Data items:
========================================

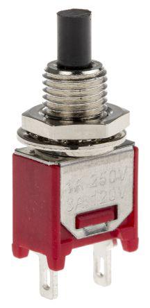 This is SPST Off-(On) Push Button Switch 4.95mm Panel Mount manufactured by RS Pro. The manufacturer part number is 8MS9P1B05M1QES-5. The actuator has an adorable black colour. Whereas, the minimum operating temperature of the product is -30°c. The product is available in panel mount configuration. The product has -30 → +85°c of operating temperature range. The rated contact current is 3 a @ 120 v ac. The panel has a 4.95mm cut-out diameter. The panel cut out size includes 4.95mm. It has about 28v contact DC voltage rating . The contact is equipped with spst configuration. It has a maximum operating temperature of +85°c. The casing is finished with an adorable silver colour. The product carries cap actuator. It provides off-(on) switch operation. Its contact AC voltage rating is about 120 v, 250 v . The terminal is a solder type. The product is made from sturdy silver plated brass materials.
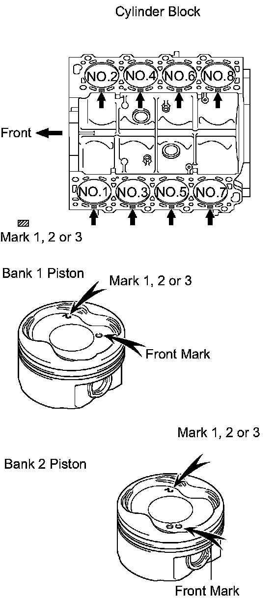 HINT: There are 3 sizes of the standard cylinder bore diameter, marked 1, 2 and 3 accordingly The mark is stamped on the top of the cylinder block.
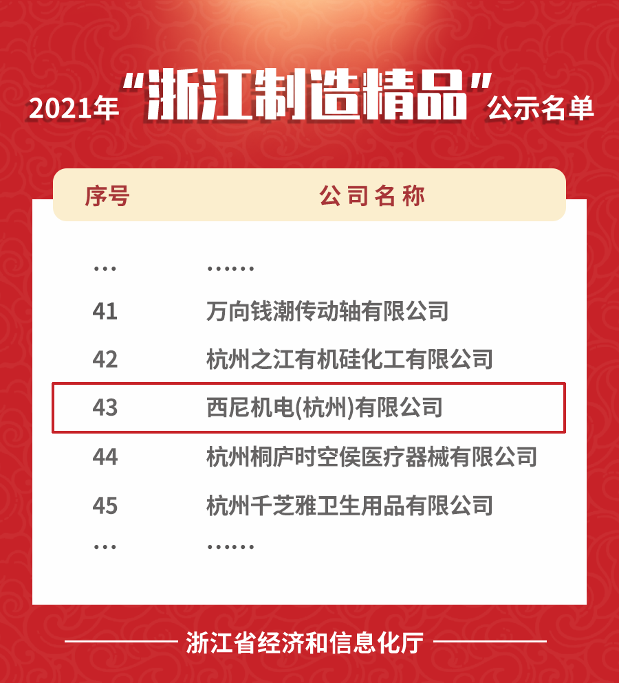 十?dāng)?shù)年來,西尼始終不忘初心,堅(jiān)持自主研發(fā)創(chuàng)新,并將人工智能與精益制造深度融合,打造了一批專業(yè)化、精準(zhǔn)化的智能裝備和智慧應(yīng)用。此次榮獲2021年度“浙江制造精品”,是對我司技術(shù)實(shí)力一項(xiàng)重要認(rèn)可。未來,西尼將一如既往注重智能研發(fā)與科技創(chuàng)新,為浙江貢獻(xiàn)屬于自己的品牌價(jià)值,繼而打造出又一張響亮的“Made in China”新名片。
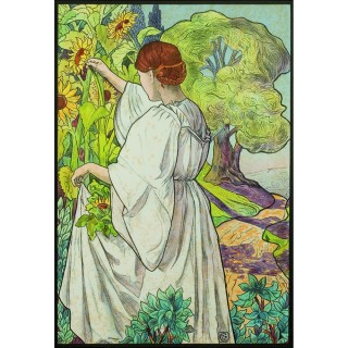 Lot de huit vitraux polychromes -Scène avec une sainte couronn ...
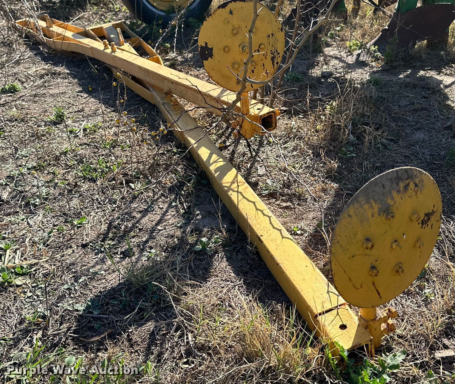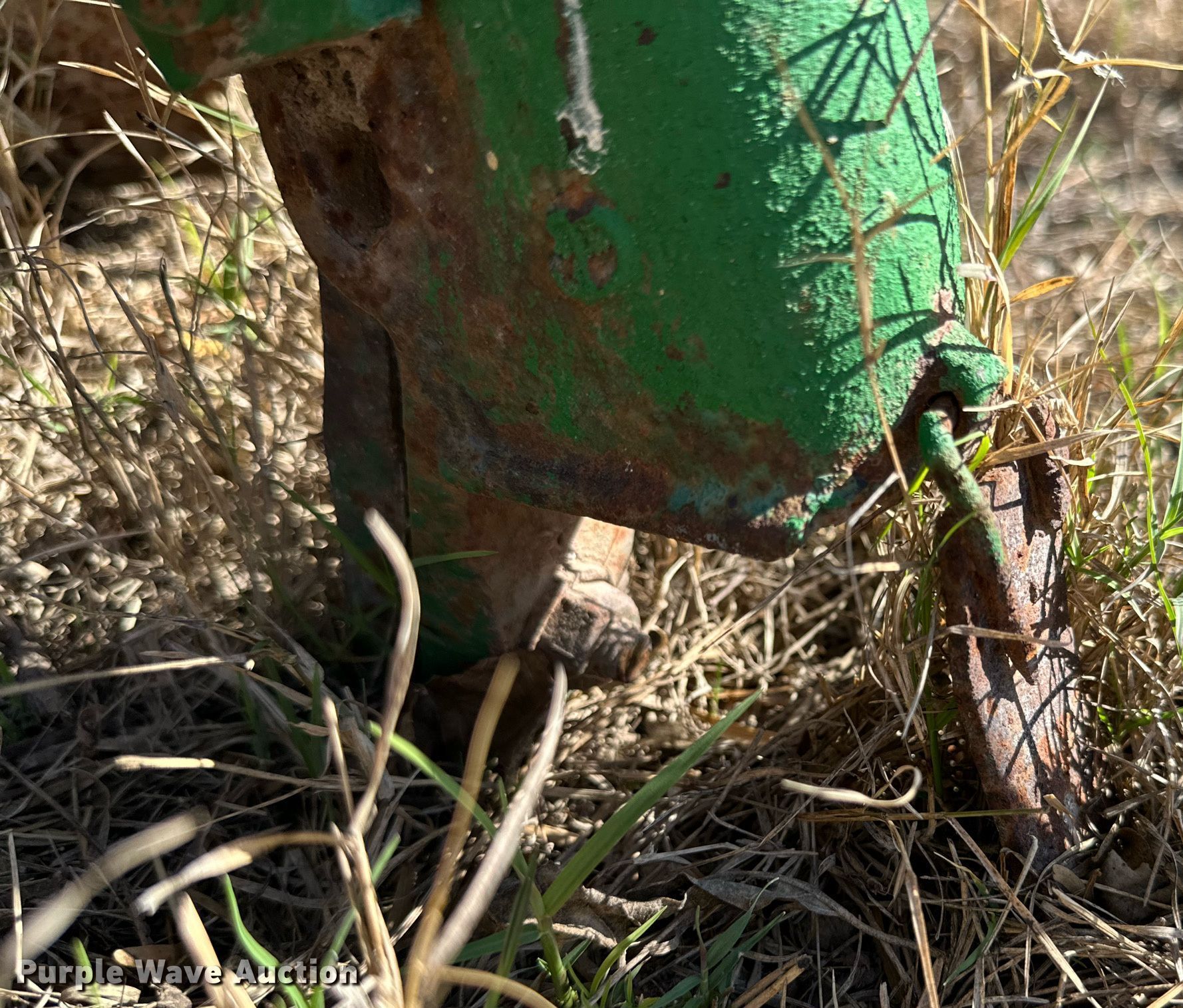 John Deere planter. Width: 18', Row units: 6, Row spacing: 36". Features Frame Hitch: Three point, Marker arm, Seed delivery Individual seed hoppers, Row units Meter drive: Ground, Down pressure: Spring. Tires Drive/ outside tire size: 225/70R15. Notes Marker arms removed but included, Seed hopper lid missing. 338 Willory Farm Road LLC. 338 Willory Farm RD. Quemado, TX 78877
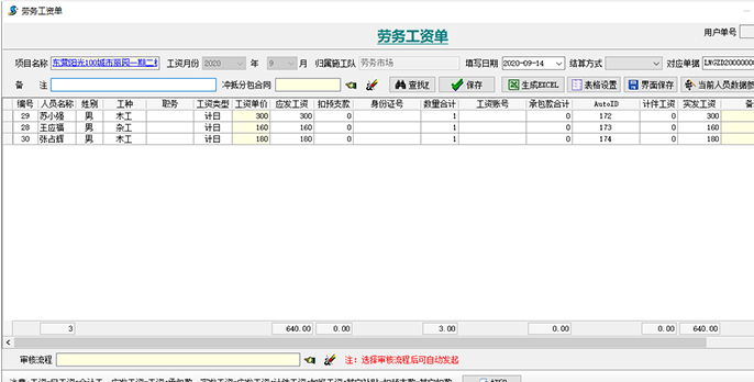 1、項目部以【勞務(wù)考勤單】為勞務(wù)進出場的日報,需每日完成。月底根據(jù)【勞務(wù)考勤單】生成月度工資表進行結(jié)算
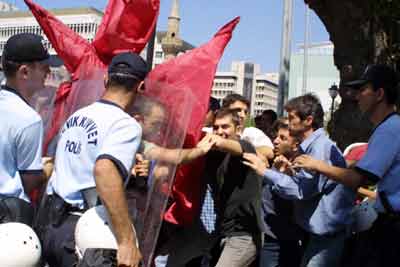 Kendilerine HÖC ismini veren 10 kişilik bir grup, Türkiye genelinde DHKP-C’lilere karşı başlatılan operasyonları protesto etmek için İş Bankası önünde toplandı. Göstericilerin slogan atması ve basın açıklaması yapmasına izin vermeyen polis, açıklamayı 20 metre ileride bulunan Kemeraltı girişinde yapmalarını istedi. Polisin gösterdiği yerde açıklama yapmak istemeyen grup arasında sözlü tartışma başlayınca, çevik kuvvet ekipleri olaya müdahale etti. Göstericileri abluka altına alan polis, grubu iterek 20 metre ileriye götürdü. Polisin müdahalesine slogan atarak karşılık veren grup, daha sonra DHKP-C’lilerin sahte evraklarla tutuklandığını iddia ederek, serbest bırakılmaları için hükümete seslendi.
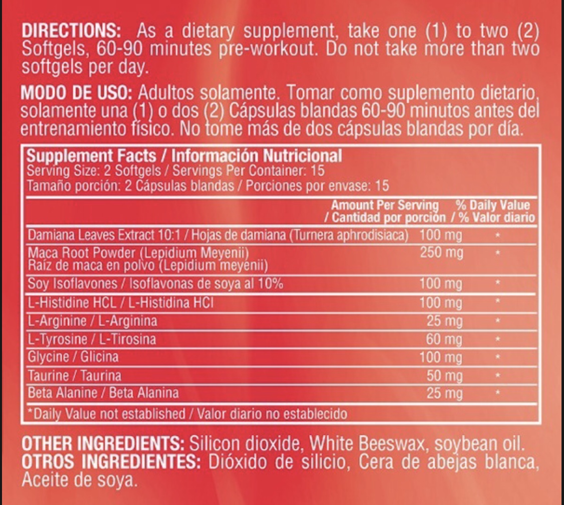 - Estimula la producción de hormona del crecimiento, que regula el deseo y la función sexual; mejorando la seguridad, el humor, la respuesta sexual, la resistencia física y disminuyendo el estrés. Por lo cual disminuye la fatiga crónica, combate la frigidez, y aumenta el apetito y la potencia sexual; gracias a su contenido de maca, fenogreco, L-histidina HCI, de l-taurina, beta-alanina, y de L-tirosina, que aumenta los niveles de neurotransmisores como dopamina, norepinefrina, epinefrina y L-dopa.
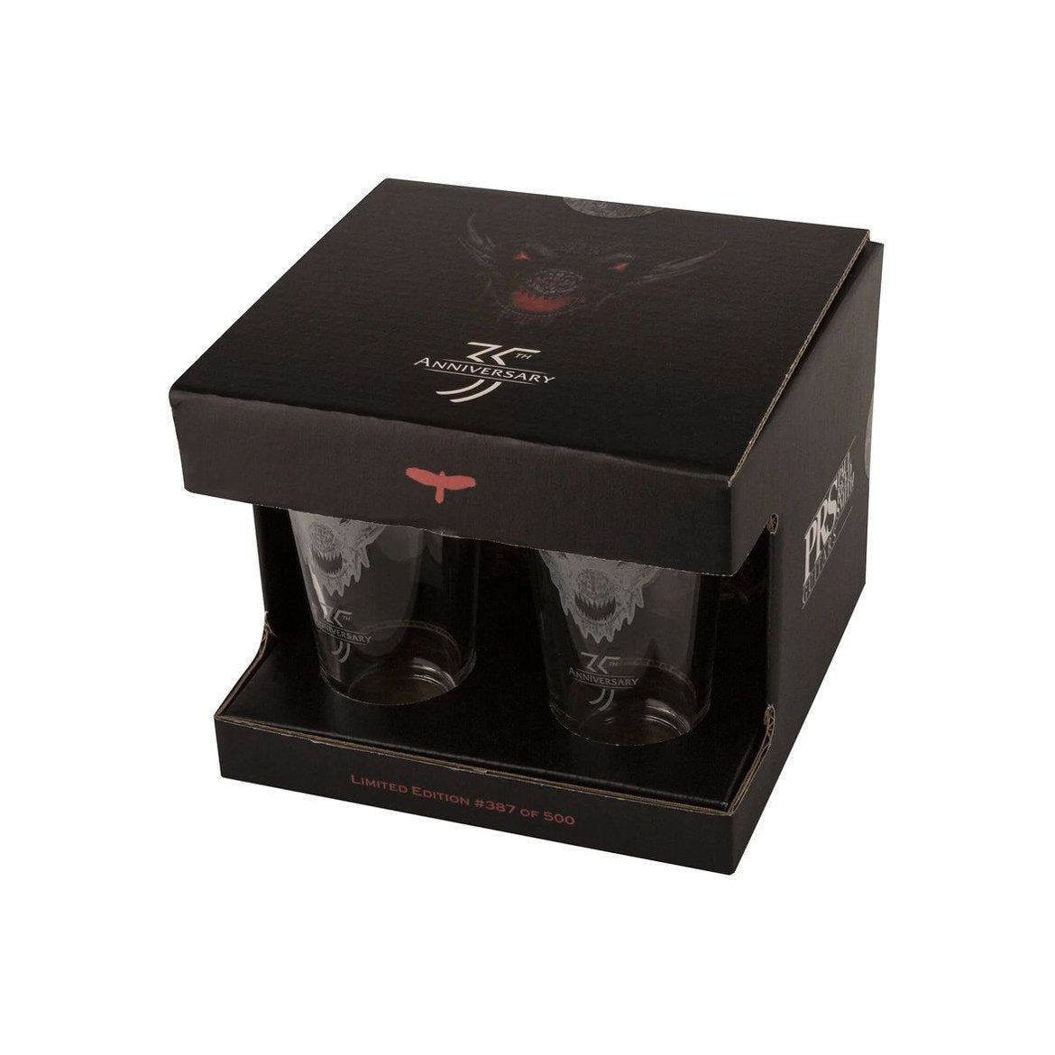 För att fira tillkännagivandet av PRS 9:e Dragon-gitarr för deras 35-årsjubileum har de gjort denna mäktiga uppsättning av fyra pint-glas.
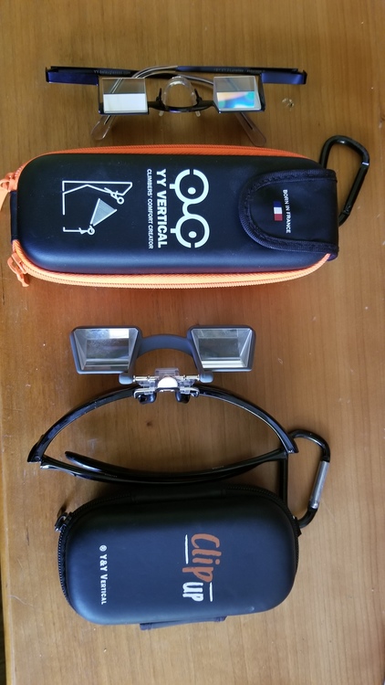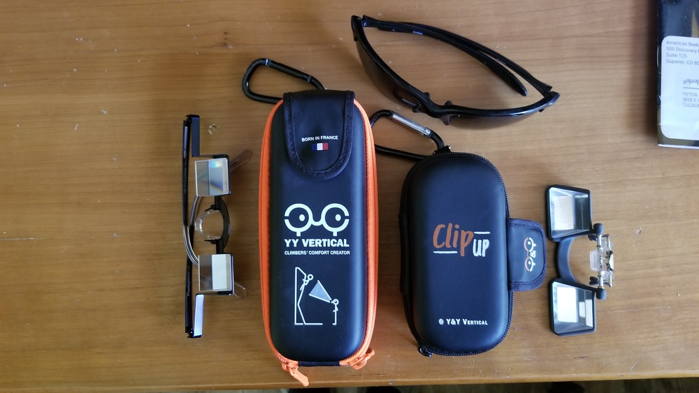 I have been pretty keen on the Y&Y clip ups. They flip up out of the way when you don't want to look through them and are more compact than other version. Only problem is that the attachment clip to clip to your sunglasses or prescription glasses only accommodates a thin junction between top of lens or nose piece and the lens on the sunglasses or prescription glasses. This is not a problem for prescription glasses as few have a large junction, but many sunglasses have thick plastic across the top of the glasses and the attachment clip won't accommodate that and doesn't seem to accommodate being bent (part of clip is plastic and can't be bent, the metal part of clip seems like it would break if you tried to bent it). I inquired with Y&Y if I could bend them or otherwise accomodate my regular sunglasses and they just said they were built for prescription glasses. I have a decent pair of sunglesses with thin junction, so I just climb with those. I rarely climb with my prescription glasses on, but the clip up fits fine on those.
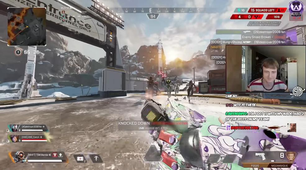 他的狙擊外掛能在常規模式下放出AI控制的喪屍來,圖源TSM成員與Twitch主播Mande
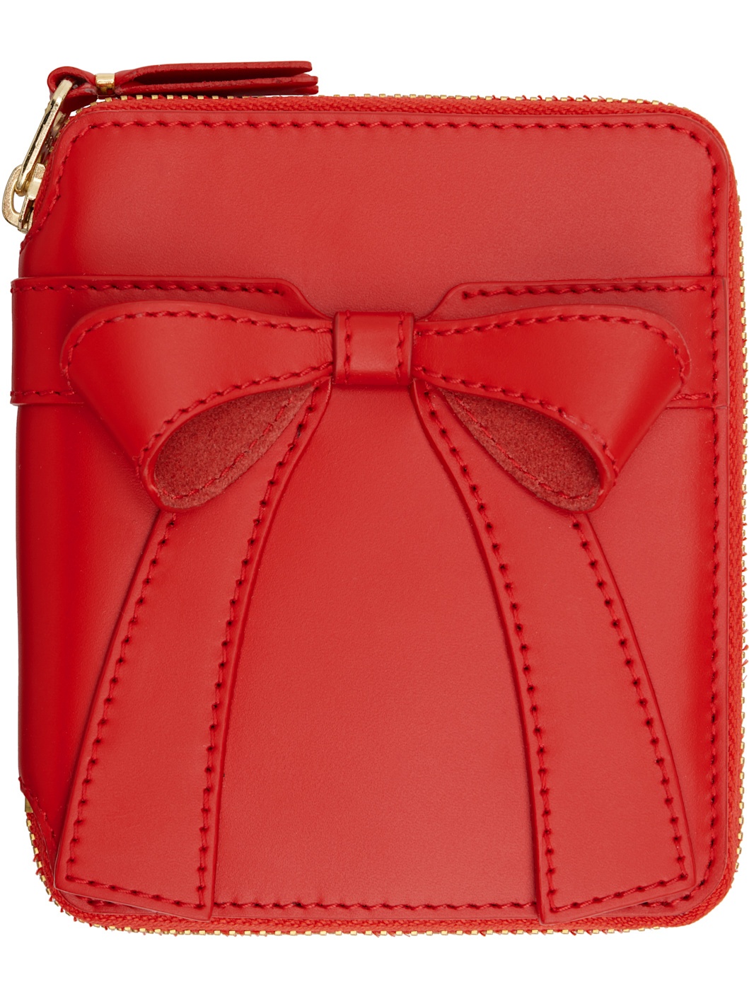 Buffed leather wallet in red. · Bow accent at face · Zip closure · Four card slots at interior · One patch pocket · One note slot · Press-stud coin compartment · Grained leather lining · H4.75" x W4.25" x D1" Supplier color: Red Leather. Made in Spain 252230F040011
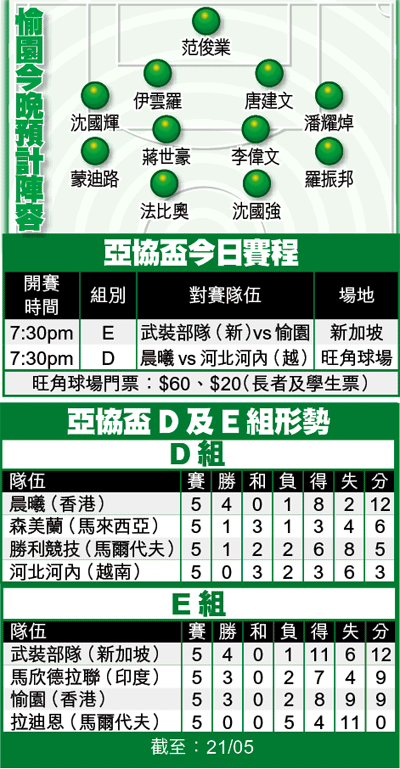 亞洲足協盃分組賽今日進行最後一輪賽事,香港兩支代表愉園及晨曦命運截然不同;前者作客新加坡武裝部隊必須大勝4球或以上,才能以最佳次名取得8強一席;相反提早出線的晨曦,主場迎戰越南的河北河內名副其實是一場風流波。
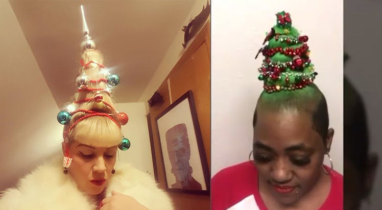 Prior to seeing this trend, I might've deemed a festive red bow or a spritz of glitter hair spray as "festive" as holiday hair could get, and boy, was I wrong. Many stylists and hair enthusists much more creative than I have managed to craft literal Christmas trees using only their strands and some baubles for decor, and I'm fascinated, envious, and totally impressed. The hashtag "#christmastreehair" currently boasts 2,388 posts on Instagram, and as December rolls around, I have a feeling that number is about to climb even higher.
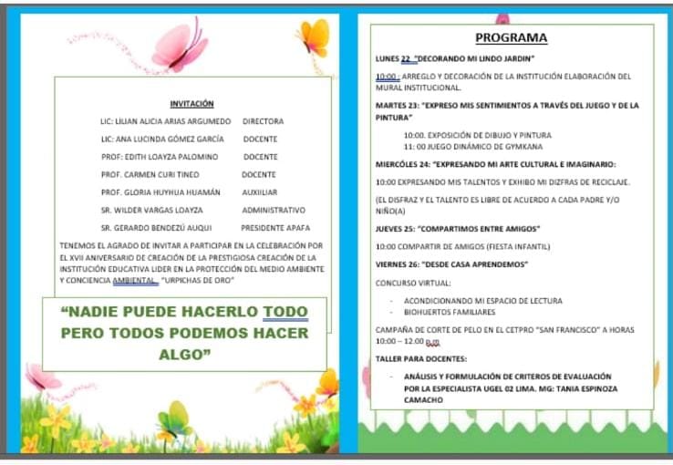 UGEL La Mar envía un caluroso y fraterno saludo a la I.E. N°424/Mx-P "URPICHAS DE ORO", por su Décimo Séptimo Aniversario de vida Institucional.

========================================

- _About this task_: Only the entries themselves should be output, word for word, with all pictures omitted.

- _Solution for this task_:
 This is SPST Off-(On) Push Button Switch 4.95mm Panel Mount manufactured by RS Pro. The manufacturer part number is 8MS9P1B05M1QES-5. The actuator has an adorable black colour. Whereas, the minimum operating temperature of the product is -30°c. The product is available in panel mount configuration. The product has -30 → +85°c of operating temperature range. The rated contact current is 3 a @ 120 v ac. The panel has a 4.95mm cut-out diameter. The panel cut out size includes 4.95mm. It has about 28v contact DC voltage rating . The contact is equipped with spst configuration. It has a maximum operating temperature of +85°c. The casing is finished with an adorable silver colour. The product carries cap actuator. It provides off-(on) switch operation. Its contact AC voltage rating is about 120 v, 250 v . The terminal is a solder type. The product is made from sturdy silver plated brass materials.
 HINT: There are 3 sizes of the standard cylinder bore diameter, marked 1, 2 and 3 accordingly The mark is stamped on the top of the cylinder block.
 十?dāng)?shù)年來,西尼始終不忘初心,堅(jiān)持自主研發(fā)創(chuàng)新,并將人工智能與精益制造深度融合,打造了一批專業(yè)化、精準(zhǔn)化的智能裝備和智慧應(yīng)用。此次榮獲2021年度“浙江制造精品”,是對我司技術(shù)實(shí)力一項(xiàng)重要認(rèn)可。未來,西尼將一如既往注重智能研發(fā)與科技創(chuàng)新,為浙江貢獻(xiàn)屬于自己的品牌價(jià)值,繼而打造出又一張響亮的“Made in China”新名片。
 Lot de huit vitraux polychromes -Scène avec une sainte couronn ...
 John Deere planter. Width: 18', Row units: 6, Row spacing: 36". Features Frame Hitch: Three point, Marker arm, Seed delivery Individual seed hoppers, Row units Meter drive: Ground, Down pressure: Spring. Tires Drive/ outside tire size: 225/70R15. Notes Marker arms removed but included, Seed hopper lid missing. 338 Willory Farm Road LLC. 338 Willory Farm RD. Quemado, TX 78877
 1、項目部以【勞務(wù)考勤單】為勞務(wù)進出場的日報,需每日完成。月底根據(jù)【勞務(wù)考勤單】生成月度工資表進行結(jié)算
 Kendilerine HÖC ismini veren 10 kişilik bir grup, Türkiye genelinde DHKP-C’lilere karşı başlatılan operasyonları protesto etmek için İş Bankası önünde toplandı. Göstericilerin slogan atması ve basın açıklaması yapmasına izin vermeyen polis, açıklamayı 20 metre ileride bulunan Kemeraltı girişinde yapmalarını istedi. Polisin gösterdiği yerde açıklama yapmak istemeyen grup arasında sözlü tartışma başlayınca, çevik kuvvet ekipleri olaya müdahale etti. Göstericileri abluka altına alan polis, grubu iterek 20 metre ileriye götürdü. Polisin müdahalesine slogan atarak karşılık veren grup, daha sonra DHKP-C’lilerin sahte evraklarla tutuklandığını iddia ederek, serbest bırakılmaları için hükümete seslendi.
 - Estimula la producción de hormona del crecimiento, que regula el deseo y la función sexual; mejorando la seguridad, el humor, la respuesta sexual, la resistencia física y disminuyendo el estrés. Por lo cual disminuye la fatiga crónica, combate la frigidez, y aumenta el apetito y la potencia sexual; gracias a su contenido de maca, fenogreco, L-histidina HCI, de l-taurina, beta-alanina, y de L-tirosina, que aumenta los niveles de neurotransmisores como dopamina, norepinefrina, epinefrina y L-dopa.
 För att fira tillkännagivandet av PRS 9:e Dragon-gitarr för deras 35-årsjubileum har de gjort denna mäktiga uppsättning av fyra pint-glas.
 I have been pretty keen on the Y&Y clip ups. They flip up out of the way when you don't want to look through them and are more compact than other version. Only problem is that the attachment clip to clip to your sunglasses or prescription glasses only accommodates a thin junction between top of lens or nose piece and the lens on the sunglasses or prescription glasses. This is not a problem for prescription glasses as few have a large junction, but many sunglasses have thick plastic across the top of the glasses and the attachment clip won't accommodate that and doesn't seem to accommodate being bent (part of clip is plastic and can't be bent, the metal part of clip seems like it would break if you tried to bent it). I inquired with Y&Y if I could bend them or otherwise accomodate my regular sunglasses and they just said they were built for prescription glasses. I have a decent pair of sunglesses with thin junction, so I just climb with those. I rarely climb with my prescription glasses on, but the clip up fits fine on those.
 他的狙擊外掛能在常規模式下放出AI控制的喪屍來,圖源TSM成員與Twitch主播Mande
 Buffed leather wallet in red. · Bow accent at face · Zip closure · Four card slots at interior · One patch pocket · One note slot · Press-stud coin compartment · Grained leather lining · H4.75" x W4.25" x D1" Supplier color: Red Leather. Made in Spain 252230F040011
 亞洲足協盃分組賽今日進行最後一輪賽事,香港兩支代表愉園及晨曦命運截然不同;前者作客新加坡武裝部隊必須大勝4球或以上,才能以最佳次名取得8強一席;相反提早出線的晨曦,主場迎戰越南的河北河內名副其實是一場風流波。
 Prior to seeing this trend, I might've deemed a festive red bow or a spritz of glitter hair spray as "festive" as holiday hair could get, and boy, was I wrong. Many stylists and hair enthusists much more creative than I have managed to craft literal Christmas trees using only their strands and some baubles for decor, and I'm fascinated, envious, and totally impressed. The hashtag "#christmastreehair" currently boasts 2,388 posts on Instagram, and as December rolls around, I have a feeling that number is about to climb even higher.
 UGEL La Mar envía un caluroso y fraterno saludo a la I.E. N°424/Mx-P "URPICHAS DE ORO", por su Décimo Séptimo Aniversario de vida Institucional.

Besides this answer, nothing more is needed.